__PROVIDED MATERIAL__
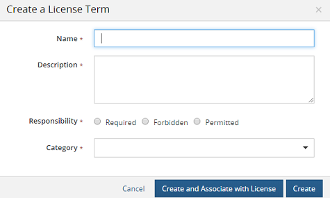 Click Create and Associate with License. The License Association dialog box appears. Select the licenses to associate to this license term, optionally select whether this term requires fulfillment, and click Add. Click here for more information about associating a term to a license.
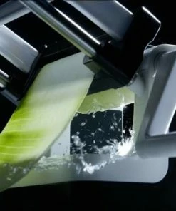 Mit dem Catto schneiden Sie Gemüse oder Obst in Form, wie es mit dem Messer oder Gemüsehobel nicht möglich wäre – Endlos-Gemüsebahnen aus Zucchini, Rettich, Kohlrabi, Rote Bete, Kartoffeln, Äpfeln, …. Die gleichmäßigen Bahnen können eine Breite von bis zu 10,5cm haben.
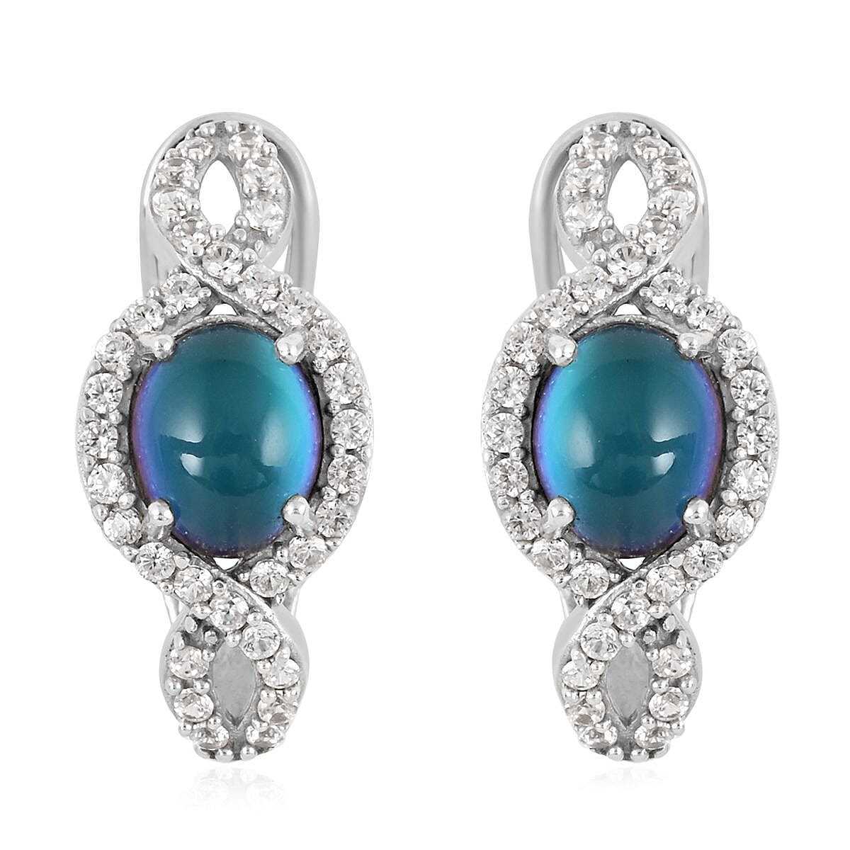 Aurora Moonstone (D) and White Zircon Omega Clip Earrings in Platinum Over Sterling Silver 5.50 ctw
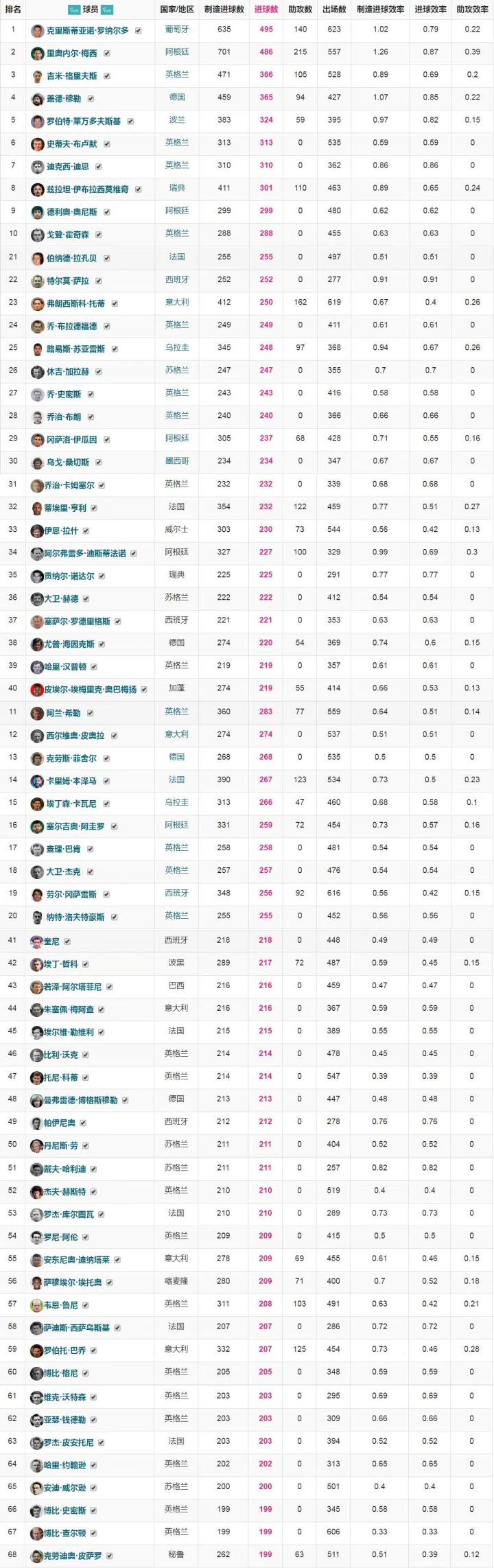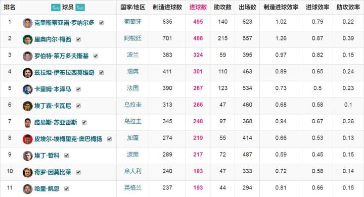 五大联赛历史进球200+全部65人名单:C罗梅西历史前二

__TASK TO CARRY OUT__
Every line of the listing is to be retyped exactly; pictures stay out.

__TASK RESULT__
 Click Create and Associate with License. The License Association dialog box appears. Select the licenses to associate to this license term, optionally select whether this term requires fulfillment, and click Add. Click here for more information about associating a term to a license.
 Mit dem Catto schneiden Sie Gemüse oder Obst in Form, wie es mit dem Messer oder Gemüsehobel nicht möglich wäre – Endlos-Gemüsebahnen aus Zucchini, Rettich, Kohlrabi, Rote Bete, Kartoffeln, Äpfeln, …. Die gleichmäßigen Bahnen können eine Breite von bis zu 10,5cm haben.
 Aurora Moonstone (D) and White Zircon Omega Clip Earrings in Platinum Over Sterling Silver 5.50 ctw
 五大联赛历史进球200+全部65人名单:C罗梅西历史前二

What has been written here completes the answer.